[Drbd-dev] DRBD small synchronous writes performance improvements

Lars Ellenberg lars.ellenberg at linbit.com
Thu Apr 29 23:26:00 CEST 2010

On Thu, Apr 29, 2010 at 04:00:50PM -0400, Guzovsky, Eduard wrote:
> Hi guys,
> We analyzed DRBD performance of small synchronous write operations on
> systems with RAID controllers.  This i/o pattern happens frequently in
> data base transaction processing workloads. Large RAID caches ensure
> that disk i/o overhead is small - about 100us per 32KB block - and
> network overhead turns into a dominant factor.  In addition to network
> stack processing time, network overhead has two large components
> 1. "Wire time" - the actual time it takes to transmit data. On 1Gig
> network it takes about 270us to transmit 32KB block, on 10Gig - about
> 27us.
> 2. "NIC latency" - the time it takes NIC to start transmitting a packet
> on the sending node plus the time on the receiving node between the
> packet reception by the NIC and delivering the packet to the driver. NIC
> latency is chip specific and depends on "packet/interrupt coalescing"
> setting configurable via "ethtool -C ". The default setting results in
> about a 100us to 125us "short packet round trip" latency.  We reduced it
> to about 50us by effectively disabling packet coalescing.  Have you or
> your customers experimented with this? We are obviously concerned with
> adverse side effects of disabling packet coalescing on whole system
> performance during high network loads.
> We found in our testing that certain DRBD changes - see the patch bellow
> - improve performance of small synchronous writes.  For the reference,
> the testing was done in Xen environment on Dell T610 system with Xeon
> E5520 2.27 GHz CPU, and Dell PERC 6/I RAID controller.  DRBD code was
> running in the 2 way SMP Dom0.
> The patch is made against DRBD version 8.2.7, but it is equally relevant
> to 8.3.7 as corresponding parts of the code did not change
> significantly. This patch is a "rough draft request for comment". It
> contains several changes.
> 1. TCP_QUICKACK option is set incorrectly. The goal was force TCP to
> send and ACK as a  "one time" event.  Instead the code permanently sets
> connection in the QUICKACK mode.

Oh, it is not permanent, tcp will re-enable "pingpong" mode
when it "feels like it".  But you are right, using val = 2 will
re-enter pingpong mode immediately if there actually
have been pending ACKs forced out.

> 2. Socket sndbufsize/rcvbufsize setting is done incorrectly. The code
> sets socket buffer sizes _after_ connection is established.  In order
> for these settings to take effect they should be set _before_ connection
> is established.  We made a quick and dirty change that makes identical
> setting for both meta and data connections.  It would require a bigger
> change to have separate settings because in the current code it is not
> known in advance which socket will be used for which connection.

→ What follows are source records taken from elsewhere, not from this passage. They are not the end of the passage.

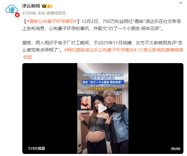 12月2日,700万粉丝网红“鹿哈”凌达乐在社交账号上发布消息,公布妻子怀孕的喜讯,并配文“约了一个小朋友,明年见呀”。
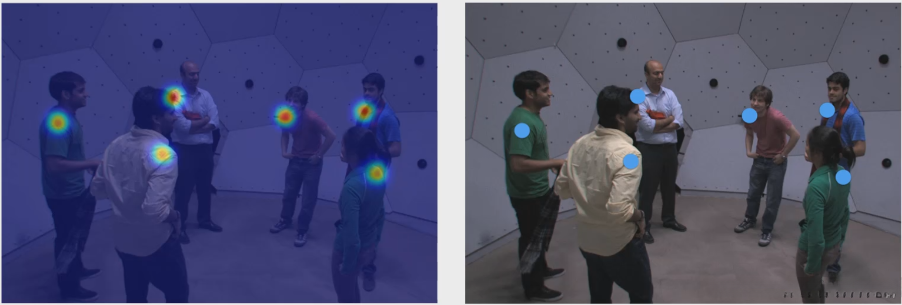 看起来像是一个回归问题,并且在处理数据时需要考虑如何进行标注?我们可以利用热力图来实现对每个关键点的位置进行预测,并且采用高斯分布的方法(即均值周围的区域概率更高)来确定颜色分布。下图展示了肩膀关键点预测的结果:
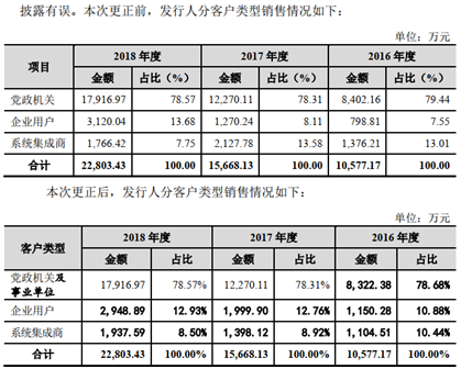 对此,开普云回复的更正之一就是“分客户类型销售情况”,更正的原因是因部分客户类型划分不够准确,导致发行人报告期内分客户类型销售情况披露有误。更正前后的对比截图如下。
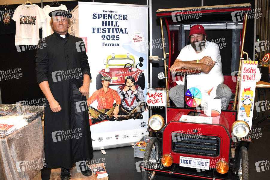 Terence Hill Figur und Bud Spencer Doppelgänger auf der German Film Comic Con Babelsberg im Filmpark Babelsberg. Potsdam, 06.07.2024
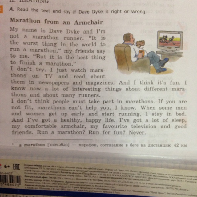 А я и не пытаюсь. Я просто смотрю марафоны по телевизору и читаю о них в журналах и газетах. И я думаю, что это весело. Теперь я знаю много интересных вещей о марафонцах и разных бегунах.
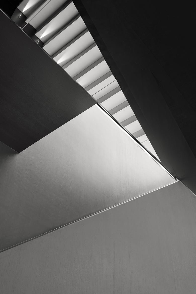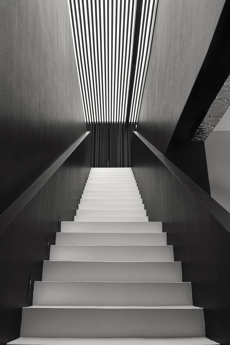 The staircase leading upwards is dominated with black and white, and is characterized by a strong sense of layering and a dramatic contrast of brightness and darkness.
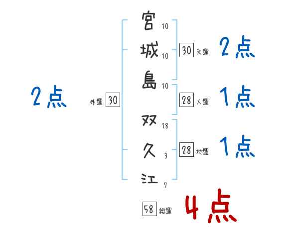 天運![]() | 宮城島双久江さんの天運は30画の2つ星!浮き沈みの激しさに注意しましょう。 家系が持つ宿命的な運勢を表します。祖先から受け継いだ苗字ですので自分の力が及びません。家柄を象徴します。 |
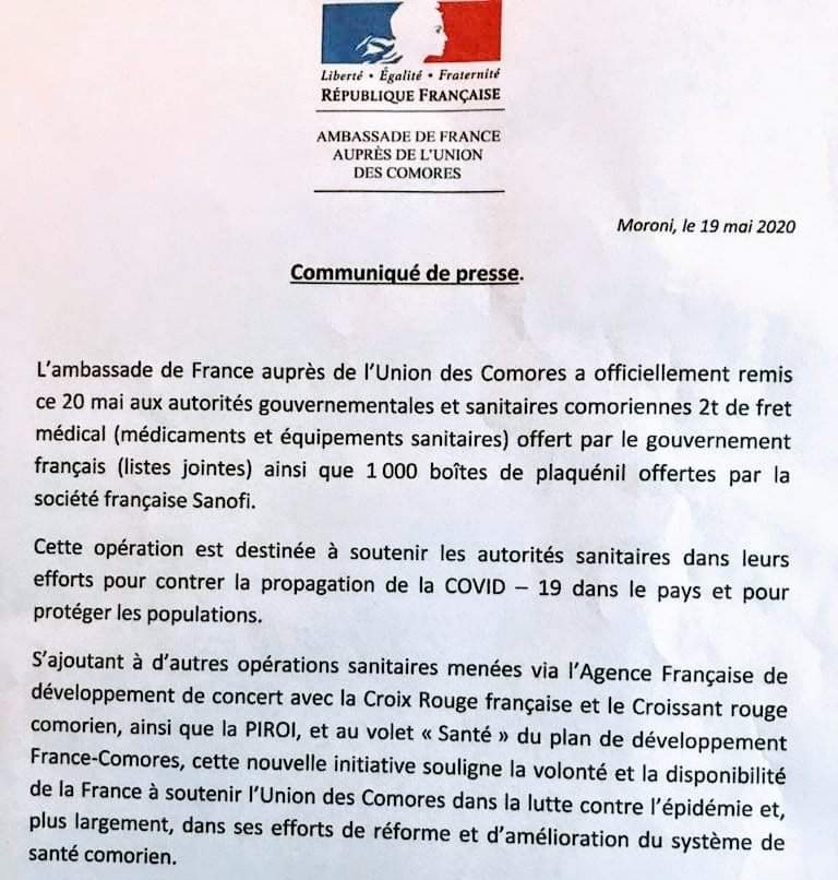 Dans le cadre de la lutte contre le Covid-19 aux Comores, l’ambassade de France a offert de 2 containers de médicaments aux autorités comoriennes.

Apparently I need to re-read some kernel code on this.
If you want to point me to a specific area of code?

> 3. We noticed that on the primary node it takes about 20us to schedule
> DRBD worker thread that packages and sends write request to the
> secondary node. We think it would be better to send request to the
> secondary ASAP and only then continue with primary node processing. So I
> added "schedule()"  hack to drbd_make_request_common() and raised the
> priority of the worker thread. That reduced worker thread scheduling
> delay to about 7us. I am not 100% if this hack is safe - would be very
> interested in your opinion on it.

That's an interessting hack ;-)
What priority do you chose?
What is your "cpu-mask" for the drbd threads?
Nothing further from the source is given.